Guardando a domani e alla Sampdoria, Aquilani ha sottolineato: «Domani arriva un’altra squadra secondo me importante, un’altra squadra che si è un po' in difficoltà ma ha giocatori all’interno molto importanti per questa categoria. È una partita da prendere assolutamente con le pinze, da dover aggredire dal primo minuto. Giochiamo in casa, per noi giocare in casa deve essere un valore aggiunto».

Sull’emergenza difensiva e sulla situazione Bettella, il tecnico ha spiegato: «Per quanto riguarda l’emergenza sì, perché abbiamo due squalificati. Bettella ha manifestato questa voglia di cambiare, questo disagio che può essere familiare o di ambiente, non si sentiva di giocare e per me il discorso lì è chiuso. Troveremo la soluzione affinché potremo essere competitivi ugualmente perché all’interno ci sono giocatori che mi danno grossissime garanzie di poter fare una buona partita».

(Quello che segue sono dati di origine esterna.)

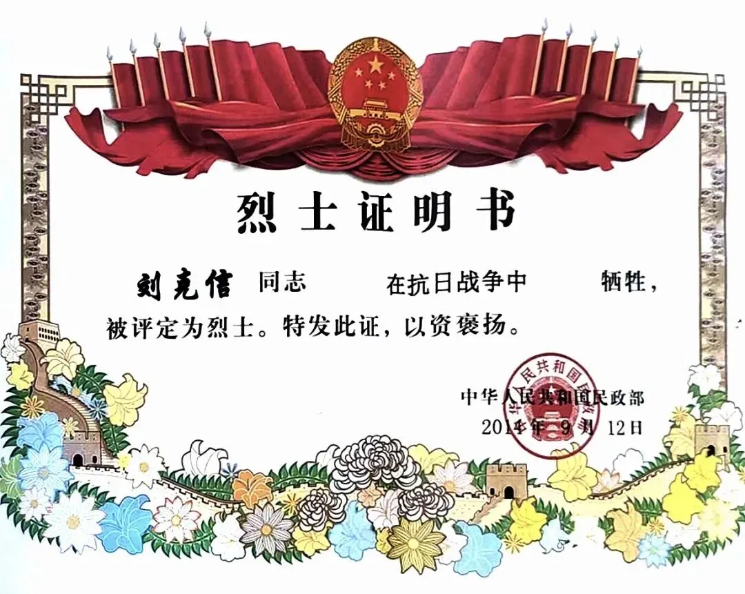 2015年8月24日,刘克信入选国家民政部公布第二批600名著名抗日英烈和英雄群体名录。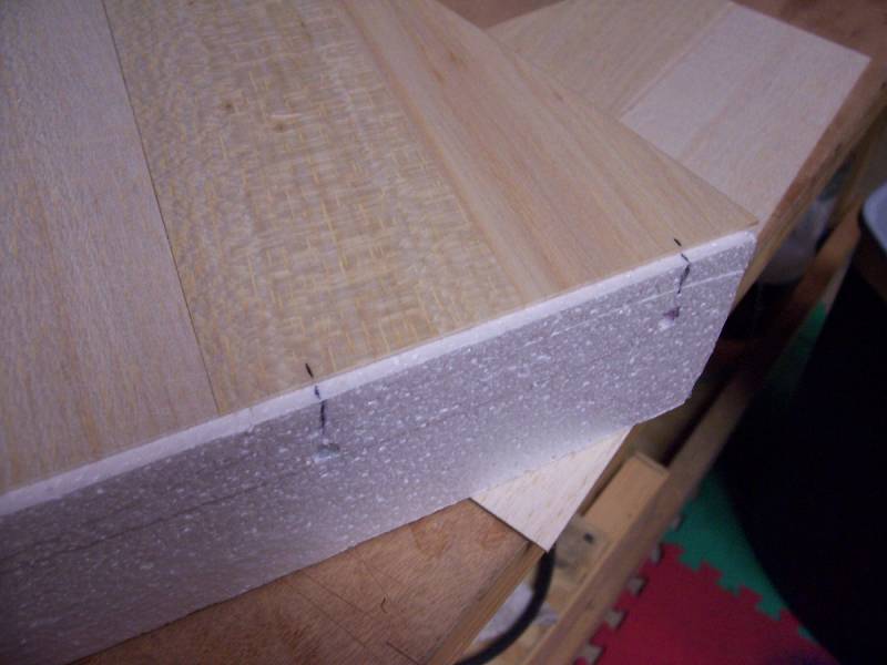 The detail drawing of the stab layout will show an offset at the leading edge that can be transferred to the top of the shuck. Another way to layout the cut line at the root is to use one of the rear fusebox top or bottom pieces. This can be carefully placed on top of the cores so that it's centerline (fusebox top will have this line) is parallel to the stab root edge. Notice that I drilled a small hole near the front of this piece to see through to my parallel line on top of the stab shuck. Move the wood piece so that it begins the cut right at the trailing edge of the stab root. Now mark this line.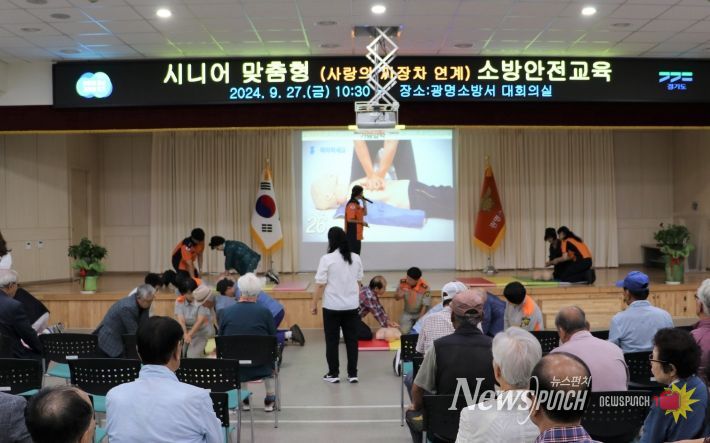 뉴스펀치 탁상훈 기자 | 광명소방서는 27일 광명시 노인회 회원 약 100여분을 초청하여 119와 함께하는 어르신 소방안전교육을 실시 했다고 밝혔다.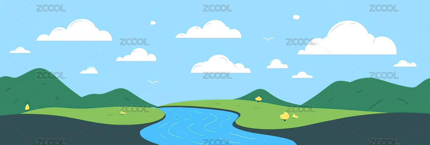 插画,卡通,扁平,天空,蓝色,云,山,绿色,树,灌木丛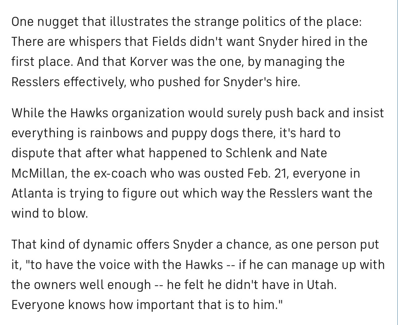 Kyle Korver named Asst GM(2 years after his first coaching gig) told me we were in for a loooonnngggg day. Landry at least was a scout and then later was the GM of a G league team before getting the bump. That said, seems like KK was the one who had enough sense to convince Ressler(s) of bringing in Snyder. Seems like Landry wanted no parts. Hell Landry probably wanted Billy Donovan or Vogel.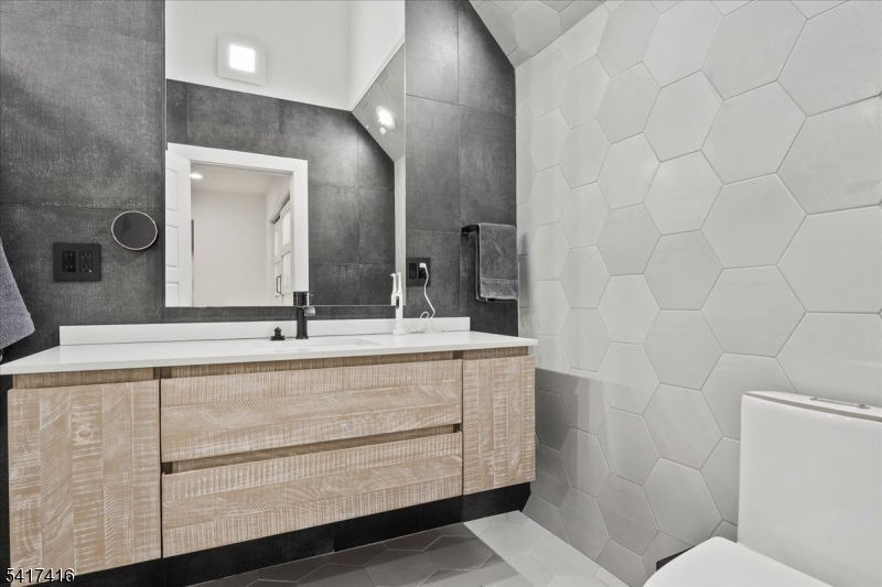 Elegantly designed Contemporary masterpiece showcasing exceptional craftsmanship and impressive scale throughout. A dramatic two-story entry foyer opens to a professionally designed curved glass staircase. Continue onto a soaring two-story living room with cathedral ceilings and an elevator that leads directly up into your 1400 sqft resort style primary suite. Custom moldings and quality hardwood floors enhance the home's refined character. The oversized, state-of-the-art eat-in kitchen is equipped with custom cabinetry, granite countertops, a 20ft. center island with sink, top-of-the-line appliances, a spacious breakfast area, butler's pantry, and built-in glass wine rack. Sliding glass doors lead to a private backyard with deck, ideal for indoor-outdoor entertaining. The expansive finished basement offers a second living space, bedroom suite, laundry room, and walk-out directly to backyard. Meticulous attention to detail throughout. Offering roughly 10,000 square feet of gracious living space, this exceptional residence is ideally located in the highly desirable neighborhood of Livingston, NJ.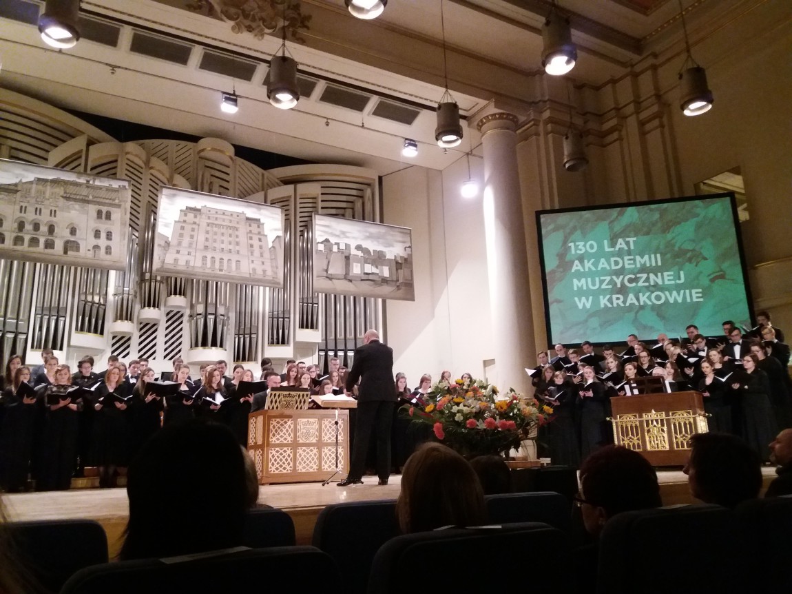 Akademia Muzyczna w Krakowie świętowała 130-lecie! Tak, to już 130 lat, bo uczelnia wywodzi swoją historię od Konserwatorium Krakowskiego, które zostało założone 1 lutego 1888 roku przez Władysława Żeleńskiego, kompozytora, absolwenta konserwatoriów w Pradze i Paryżu. Jubileusz trwał całą niedzielę, 26 lutego i zakończył się wieczorem, koncertem w Filharmonii Krakowskiej. Na widowni pojawili się, i absolwenci, i pedagodzy. Było to wielkie święto muzyków i muzyki, a rozmowy na bankiecie, na który została zaproszona cała koncertowa publiczność trwały długo i wspomnieniom nie było końca.
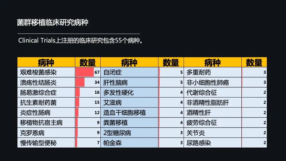那在这 200 多项的一个临床研究中,包含了 55 个病种,最多的当然是艰难梭状杆菌感染,其次是溃疡性结肠炎和肠易激综合征。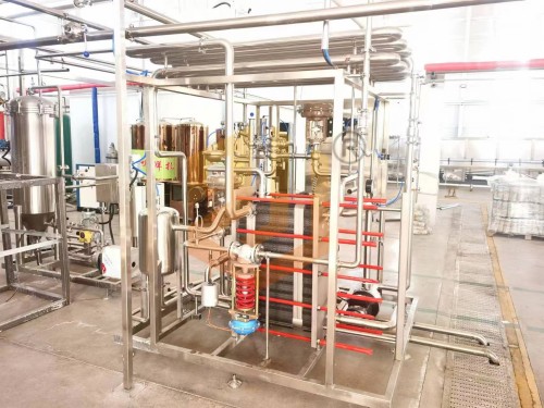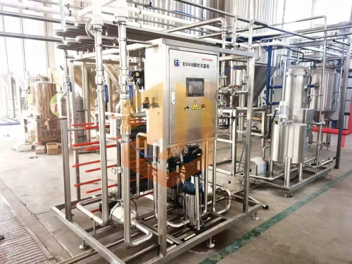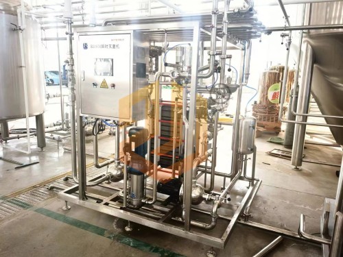 啤酒殺菌時(shí)利用高壓啤酒泵送入二段式板式換熱器預(yù)熱段,與已完成殺菌的熱啤酒預(yù)加熱至62℃左右,再經(jīng)過(guò)高溫保溫段用85℃的熱水將啤酒加熱到78℃,在保溫管段保溫30秒后達(dá)到巴氏殺菌單位25pu值,然后再被預(yù)熱的冷啤酒降溫至4℃,進(jìn)入緩沖罐準(zhǔn)備灌裝。板式殺菌機(jī)組采用高精度的數(shù)控調(diào)節(jié),自動(dòng)控制和安全保護(hù)措施,并可與CIP系統(tǒng)配合進(jìn)行設(shè)備自動(dòng)清洗。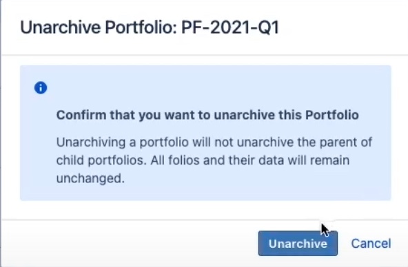 Unarchiving a parent-level portfolio does not necessarily unarchive the sub-portfolios in the parent-child hierarchy, nor does an unarchived child sub-portfolio changes the archived state of the parent portfolio when all sub-portfolios are unarchived in the hierarchy.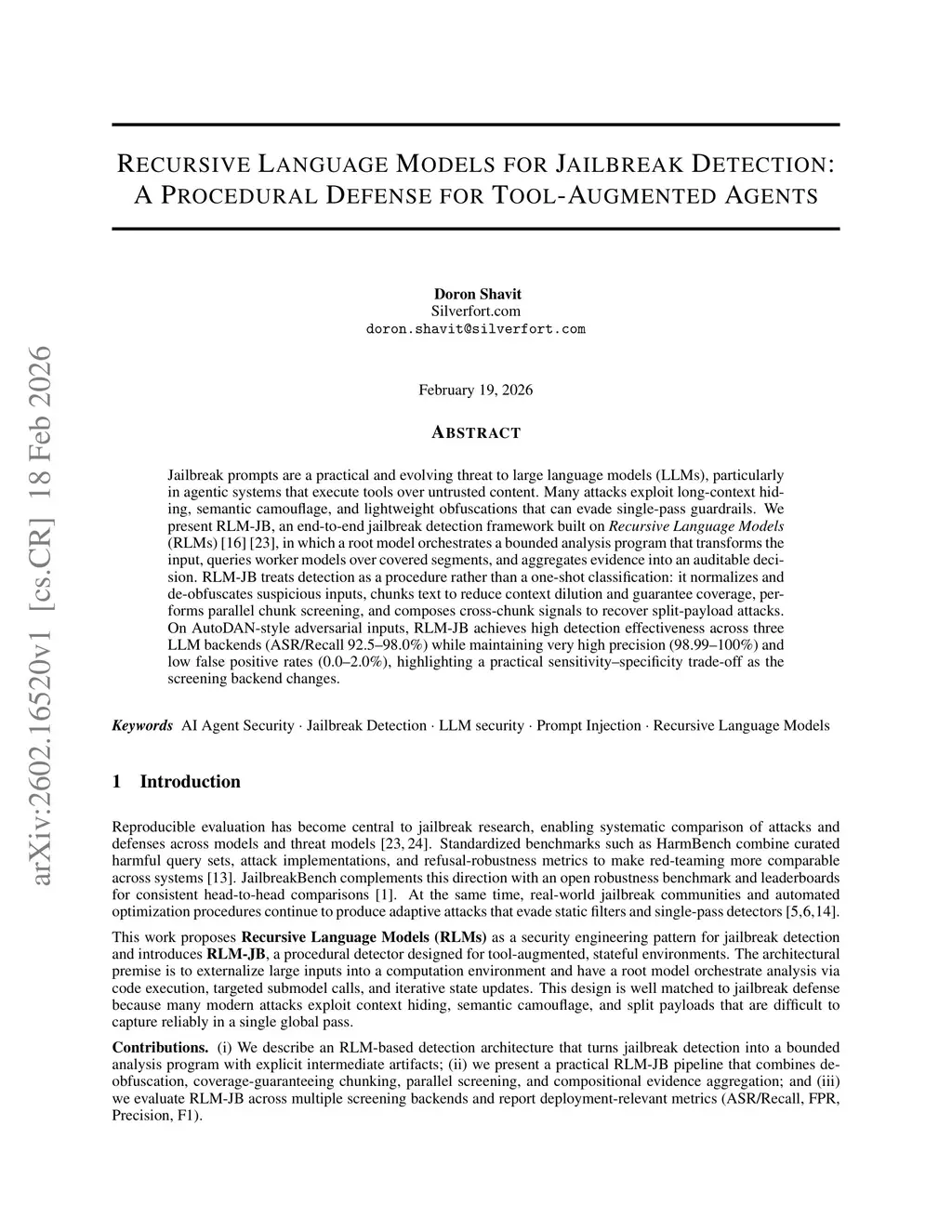 Recursive language models for jailbreak detection: a procedural defense for tool-augmented agents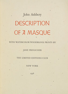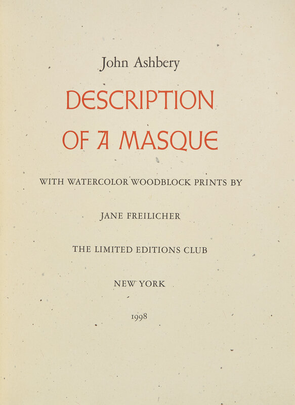 [LIMITED EDITIONS CLUB]. ASHBERY, John (1927-2017). Description of a Masque. New York: The Limited Editions Club, 1998.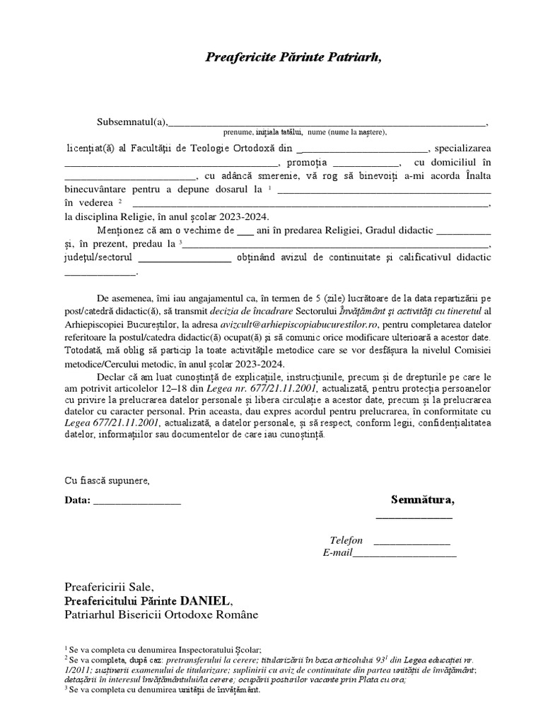 binecuvântare pentru a depune dosarul la 1 _______________________________________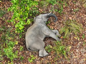 कापानवापारा के जंगल में निंद्रा की मुद्रा में हाथी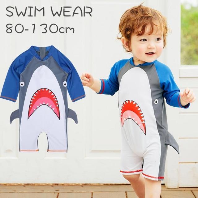 水着 スイムウェア オールインワン ラッシュガード 子供 キッズ ベビー 男の子 女の子 つなぎ バックジッパー ファスナー サメ シャーク なりきり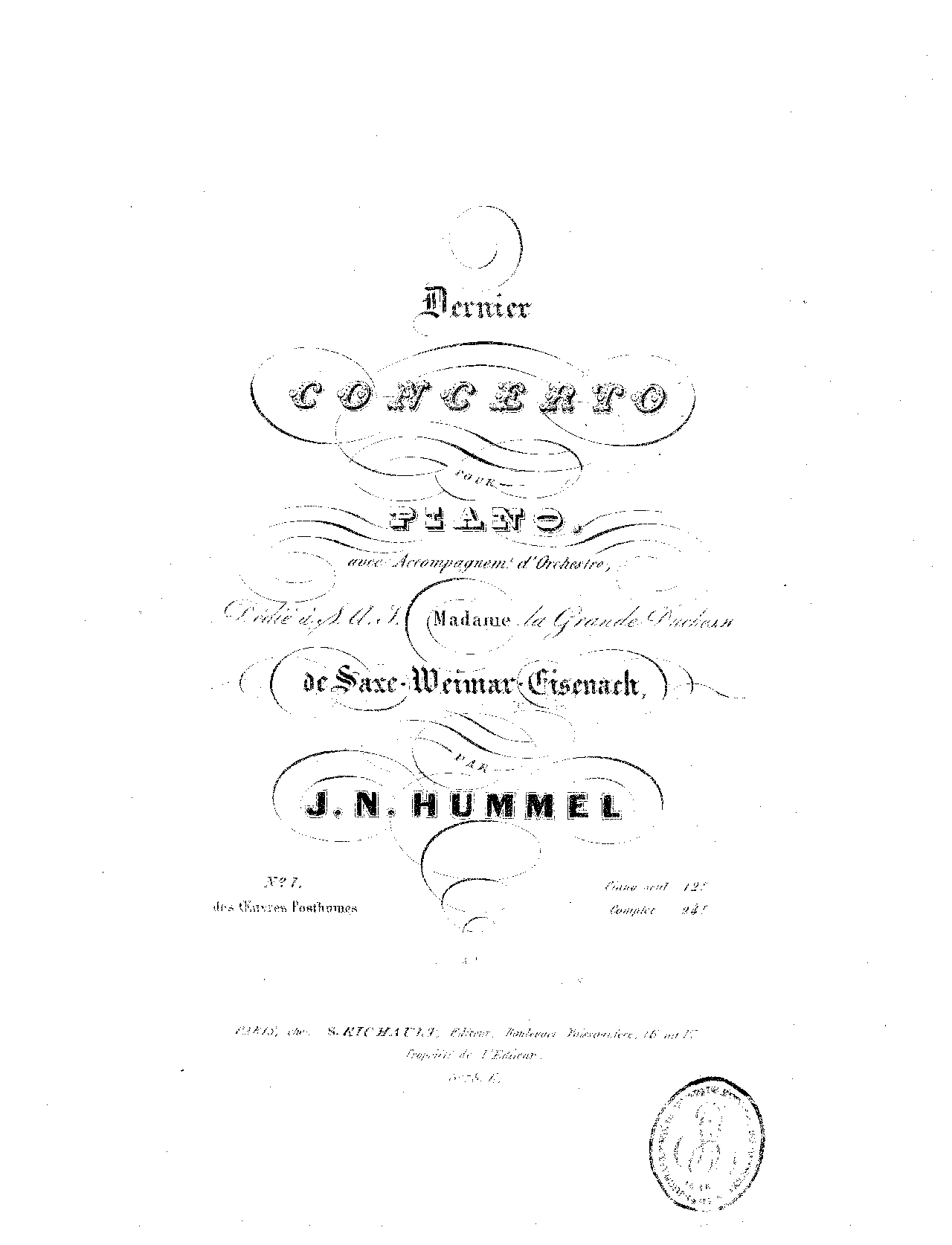 | Dedication | Madame la Grande Duchesse de Saxe-Weimar Eisenach |
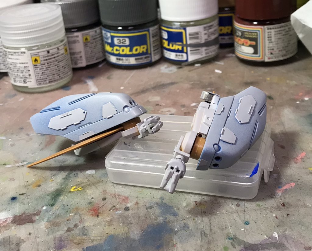 ザクレロです。 水鉄砲🔫エンジン部分周辺の基本塗装です。 エンジンとノズルの間は、メカ色になる予定です。(以前水鉄砲をカットしたのは、此処の見せ場とバランスどりの為) 二の腕の遮光の為黒を塗り、バランス確認の為仮組みしました。 #ガンプラ好きな人と繋がりたい #ザクレロ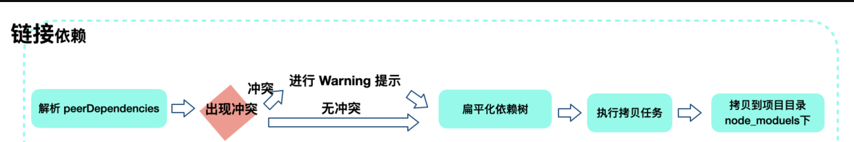 - 链接包(Linking Packages):将项目中的依赖复制到项目 node_modules 下,同时遵循扁平化原则。在复制依赖前,Yarn 会先解析 peerDependencies,如果找不到符合 peerDependencies 的包,则进行 warning 提示,并最终拷贝依赖到项目中。

Ampio spazio è stato dedicato anche al mercato: «Il mercato dà fastidio a prescindere perché si creano delle dinamiche che non controlli che possono togliere concentrazione. Io ho due priorità: la prima è che voglio che ci sia rispetto per chi è qui, per i giocatori che stanno portando alto il nome del Catanzaro. La seconda è che chiunque non ha l’attitudine, l’entusiasmo per giocare per il Catanzaro deve andare via perché qui questa è una squadra che vola sull’entusiasmo, che vola sull’attitudine, che vola sulla voglia di aggrapparsi a un qualcosa che sta crescendo».

Sulla gestione della rosa e il recupero di Pompetti, Aquilani ha dichiarato: «Pompetti sta bene, è un ragazzo che trasmette un’energia incredibile, ci darà una grossa mano ma ha bisogno di tempo. Preferisco meno calciatori che so che posso prenderli e andare in guerra contro chiunque piuttosto che tanti giocatori che poi qualcuno me lo perdo per strada».

Infine, sul campionato, il tecnico ha sottolineato: «Ho la percezione che inizi un altro campionato perché le squadre stanno cambiando. Chi sta giù sta facendo un mercato importante. Questi due mesi saranno fondamentali per capire i nostri obiettivi e ci aspettano quattro o cinque mesi veramente impegnativi».